Я подхватил сумку с водкой, Кобрин, поднявшись, изо всех сил пнул привстающего мужика, затем закричал “Аллах акбар!”, ударил кулаком по капоту “шестёрки” и выбил ногой боковое стекло.
9
— Игорь, скажи, почему прыгать вниз легче, чем вверх? — сказал я, трогая языком разбитую губу.
Мы стояли с тыльной стороны здания общаги и глядели на форточку, из которой недавно вылезали. Она казалась труднодосягаемой. Снизу вверх, вдоль вертикальной линии залифтовых окон, поднималась пожарная лестница, однако обрезана она была довольно высоко — нижний конец находился на уровне приблизительно подоконника второго этажа, и до него ещё нужно было добраться. Этажи были сталинские, высокие, и стена не имела почти никаких вспомогательных выступов. На высоте груди проходил параллельно земле округлый цементный валик, значительно выше его торчали из стены какие-то штыри, возможно, остатки от пожарной лестницы, бывшей когда-то длины более снисходительной к человеческим слабостям.

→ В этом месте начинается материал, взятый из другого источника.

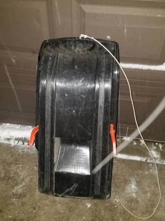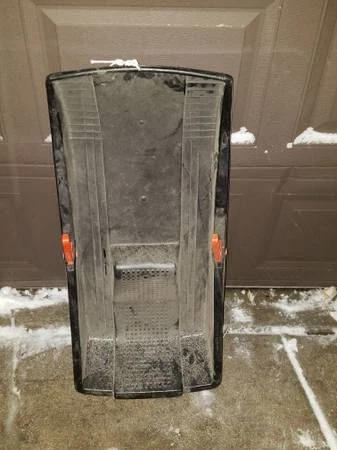 Selling a black sled with orange handles! It's perfect for some winter fun. It has some signs of use, but it's still in good condition for sledding.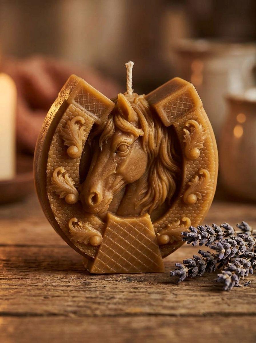 Уникальная свеча в форме подковы, внутри которой — лицо лошади. Символ удачи, силы и связи с башкирскими степями. 🕯️ Натуральный воск 🪔 Ручная работа, каждая уникальна 🐴 Детали морды проработаны вручную 🌿 В комплекте — веточка лаванды Горит мягко, пахнет мёдом, хранит тепло и магию. Идеально: в подарок коневодам, в дом, как оберег.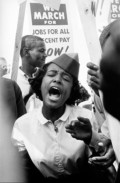 Bruce Davidson Led by Martin Luther King Jr., a group of civil rights demonstrators march from Selma to Montgomery to fight for black suffrage. A young African American man with the word "VOTE" on his forehead. A (...)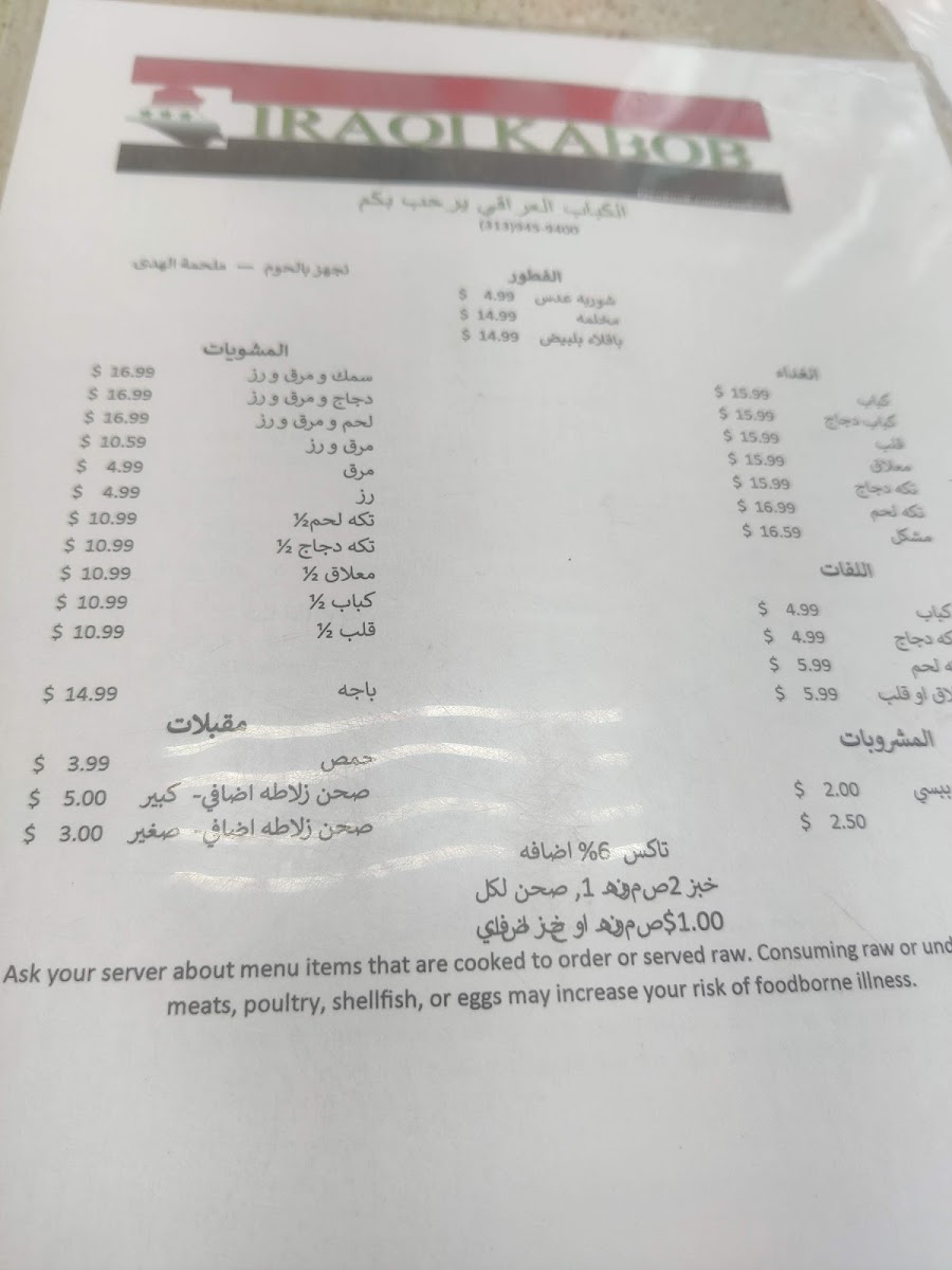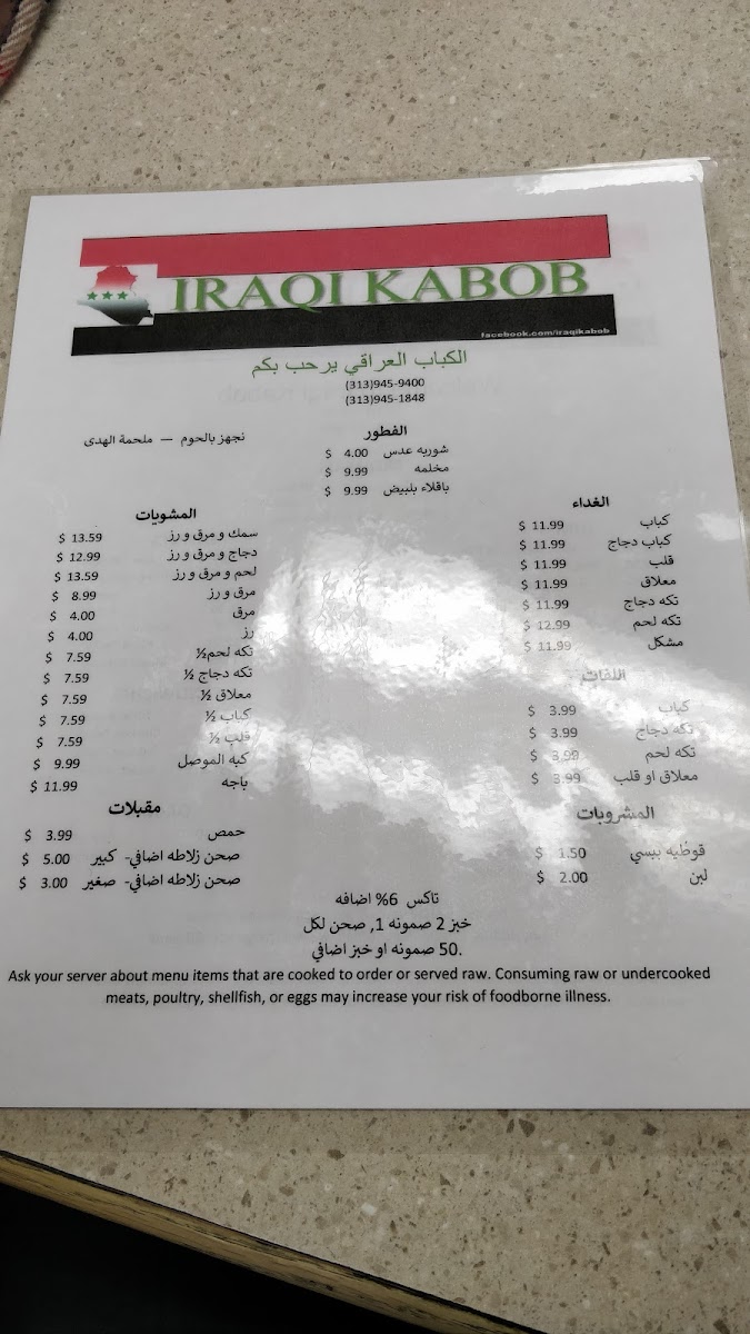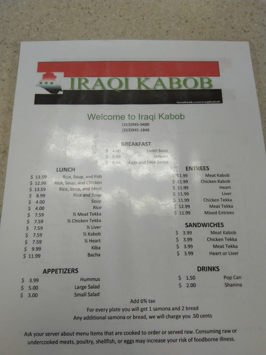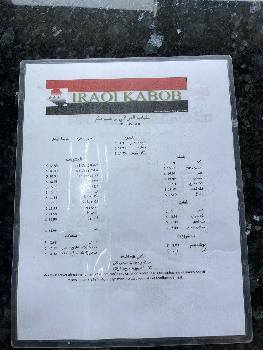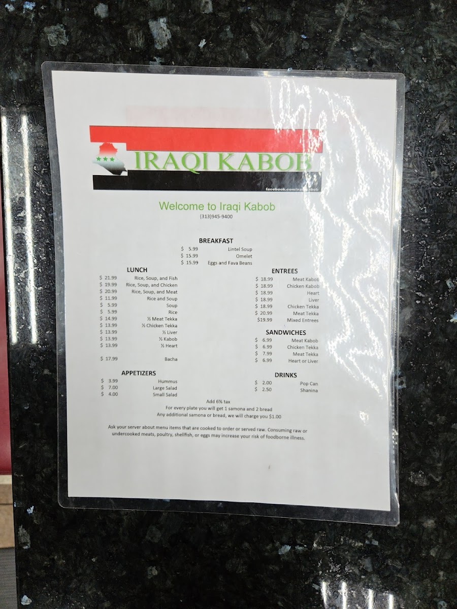 Welcome to Iraqi Kabob, where authentic Middle Eastern flavors meet exceptional service right in Dearborn, MI. Nestled at 13650 W Warren Ave, this hidden gem is celebrated for its incredible kabobs and Tikka.

Обычно внизу валялась какая-нибудь труба или доски — что-нибудь, по чему можно было вскарабкаться и дотянуться до нижней перекладины ржавой лестницы. Теперь не было ничего. Вылезая, мы не обратили на это никакого внимания.
Но настроение у меня было приподнятое, я выругался, подстрекаемый решимостью взбираться по стене хоть до седьмого этажа, и стал запихивать бутылки за пояс и в карманы, так как лезть с сумкой в руках было бы совсем уже неудобно. Запихнув четыре штуки и две оставив Кобрину, я взлез, как отяжелевший от дихлофоса таракан, на цементный валик и, в конце концов, медленно и осторожно выпрямляясь вдоль стены, выпрямился во весь рост. Подняв руки вверх и привстав на цыпочки, я убедился, что достаю до торчащих из стены штырей — от них до нижней перекладины оставалось ещё около метра. Я уцепился за штыри, подтянулся, отжался на них, как на брусьях, и уперевшись коленом, перехватил руками, оказавшись наконец-то на лестнице.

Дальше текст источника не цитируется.